Berdasarkan survei yang diambil dari databoks.katadata.co.id, dari populasi masyarakat Indonesia pada Januari 2019 sebanyak 268,2 juta jiwa, pengguna judi bola parlay aktif media sosial telah mencapai 150 juta pengguna. Hal ini menggambarkan bahwa ada lebih dari 50% penduduk Indonesia ialah pengguna media sosial.

Memandang besarnya potensi pengguna media sosial di Indonesia saat ini, beberapa pihak ternyata mulai memanfaatkannya.
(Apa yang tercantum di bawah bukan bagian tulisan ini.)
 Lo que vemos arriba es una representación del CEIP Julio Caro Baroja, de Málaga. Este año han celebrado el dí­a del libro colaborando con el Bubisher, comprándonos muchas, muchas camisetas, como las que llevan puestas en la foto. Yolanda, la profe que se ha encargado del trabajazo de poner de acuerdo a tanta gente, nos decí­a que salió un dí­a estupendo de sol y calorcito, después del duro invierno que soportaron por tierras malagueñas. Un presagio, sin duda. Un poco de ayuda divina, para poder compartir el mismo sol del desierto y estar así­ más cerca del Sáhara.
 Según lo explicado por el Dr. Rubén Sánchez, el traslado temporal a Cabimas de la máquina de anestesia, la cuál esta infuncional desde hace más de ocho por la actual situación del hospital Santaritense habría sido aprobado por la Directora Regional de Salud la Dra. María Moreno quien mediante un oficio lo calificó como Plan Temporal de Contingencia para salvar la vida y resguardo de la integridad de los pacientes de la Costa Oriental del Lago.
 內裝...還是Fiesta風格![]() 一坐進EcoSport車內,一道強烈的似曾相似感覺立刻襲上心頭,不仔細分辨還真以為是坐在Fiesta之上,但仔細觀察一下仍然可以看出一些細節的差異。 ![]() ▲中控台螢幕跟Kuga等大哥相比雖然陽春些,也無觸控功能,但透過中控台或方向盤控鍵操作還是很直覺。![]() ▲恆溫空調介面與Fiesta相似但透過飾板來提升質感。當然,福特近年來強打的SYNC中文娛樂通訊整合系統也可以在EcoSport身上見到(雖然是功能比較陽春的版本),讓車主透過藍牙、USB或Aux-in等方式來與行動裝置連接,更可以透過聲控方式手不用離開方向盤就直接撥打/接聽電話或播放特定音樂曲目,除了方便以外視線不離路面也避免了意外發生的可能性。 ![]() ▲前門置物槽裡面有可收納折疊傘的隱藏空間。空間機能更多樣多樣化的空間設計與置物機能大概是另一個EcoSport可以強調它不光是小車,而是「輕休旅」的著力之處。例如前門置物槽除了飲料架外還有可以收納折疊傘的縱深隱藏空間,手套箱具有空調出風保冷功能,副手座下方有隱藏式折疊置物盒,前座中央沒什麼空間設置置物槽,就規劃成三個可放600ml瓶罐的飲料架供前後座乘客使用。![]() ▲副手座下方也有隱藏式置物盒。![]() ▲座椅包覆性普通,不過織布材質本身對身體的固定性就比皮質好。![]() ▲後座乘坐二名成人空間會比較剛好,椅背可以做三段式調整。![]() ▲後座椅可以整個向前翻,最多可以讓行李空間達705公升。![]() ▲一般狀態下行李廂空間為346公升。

Salah satunya untuk kepentingan beriklan dan memasarkan produk via pelbagai tipe platform media sosial. Selain untuk kepentingan beriklan, sekarang media sosial juga mulai banyak diaplikasikan oleh perusahaan/instansi untuk mengenalkan atau meningkatkan citra diri perusahaan/instansi mereka ke masyarakat biasa.

Salah satu bentuk konten pada media sosial ialah konten gambar. Konten ini lebih menarik dipandang daripada konten berupa artikel atau video yang memerlukan waktu untuk mencerna isu di dalamnya. Meskipun demikian, banyaknya konten berupa gambar di sosial media ternyata juga pesat membuat para pengguna media sosial menjadi jenuh. Walhasil ketertarikan untuk mengenal isu via sebuah gambar di sosial media akan menurun seandainya gambar atau gambaran yang ditampilkan tidak seperti itu menarik.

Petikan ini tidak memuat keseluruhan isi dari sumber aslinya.